A flamboyant, 27-year-old preacher with a head of thick, cascading curls, Reed has neither a church nor formal ordination. He ministers out of his mother’s home near 130th Street in Willowbrook. His demeanor flashes between the exclamation points of a charismatic evangelist, the menacing stares of a stern disciplinarian and the wispy gestures and soft voice of a distinctly effeminate man.

His style and stubbornness have made him an outcast from a number of South-Central churches that hosted the choir in its early days but were repelled by the children’s unruly ways and asked them not to come back. The Vessels of Christ now travel in a caravan of cars to places such as Santa Barbara and Riverside to find Sunday church audiences.

No matter. The lessons have been learned.

‘Rags to Riches’

“Parents can send the worsest child to Rev. Reed, and within a matter of time they will see a change,” proclaimed David Clowder, 21, the choir’s male lead soloist who said he grew up plagued by moods of defiance, rebellion and violence but has learned to shed them. “It took me half a second to slug you in the mouth if you looked at me wrong. But it’s amazing how you can see someone go from rags to riches as far as personality changes.”

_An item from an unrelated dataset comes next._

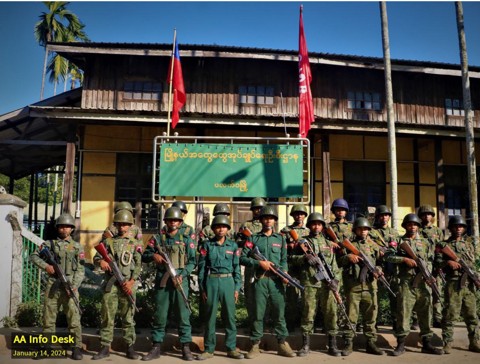
AA Info Desk January 14, 2024

ဟိုင်ဂင်သဘောတူညီချက်များနှင့် ရှမ်းမြောက်ဒေသ ယာယီအပစ်ရပ်ခြင်းသည် စစ်အာဏာရှင်စနစ်ချုပ်ငြိမ်းရေးနှင့် ဖက်ဒရယ်ဒီမိုကရေစီပြည်ထောင်စုတည်ဆောက်ရေးသို့ ဦးတည်လျှောက်လှမ်းလျက်ရှိသော နွေဦးတော်လှန်ရေးအပေါ် ကြီးမားသည့်သက်ရောက်မှုမျိုး မမြင်တွေ့ရသေးသည့်တိုင် မြန်မာ့နိုင်ငံရေး၊ စစ်ရေးနှင့် ငြိမ်းချမ်းရေးဆိုင်ရာ အတုံ့အလှည့်၊ အရွေ့အပြောင်းများတွင် ၎င်းတို့၏ ဩဇာညောင်းမှု၊ လွှမ်းမိုးနိုင်မှုတို့ကို ရုပ်လုံးထွက်ပြလာသည့် တရုတ်အစိုးရ၏ လှုပ်ရှားဆောင်ရွက်ချက်များကိုမူ သတိကြီးစွာဖြင့် စောင့်ကြည့်ရမည် ဖြစ်ကြောင်း သုံးသပ်တင်ပြအပ်ပါသည်။

What Reed brought to the choir, the youngsters said, was an unusual combination of youthful empathy, intense spirituality and a severe, hair-trigger demand for orderliness.

“When I first met Terry, I was what you call bad,” Davis said. “I didn’t like him. I said things that I regret now. Now that I’ve grown to learn his ways, I love him.”

But Reed’s satisfaction at the changes in the youthful singers is tempered by the emotional grind of the last 2 1/2 years.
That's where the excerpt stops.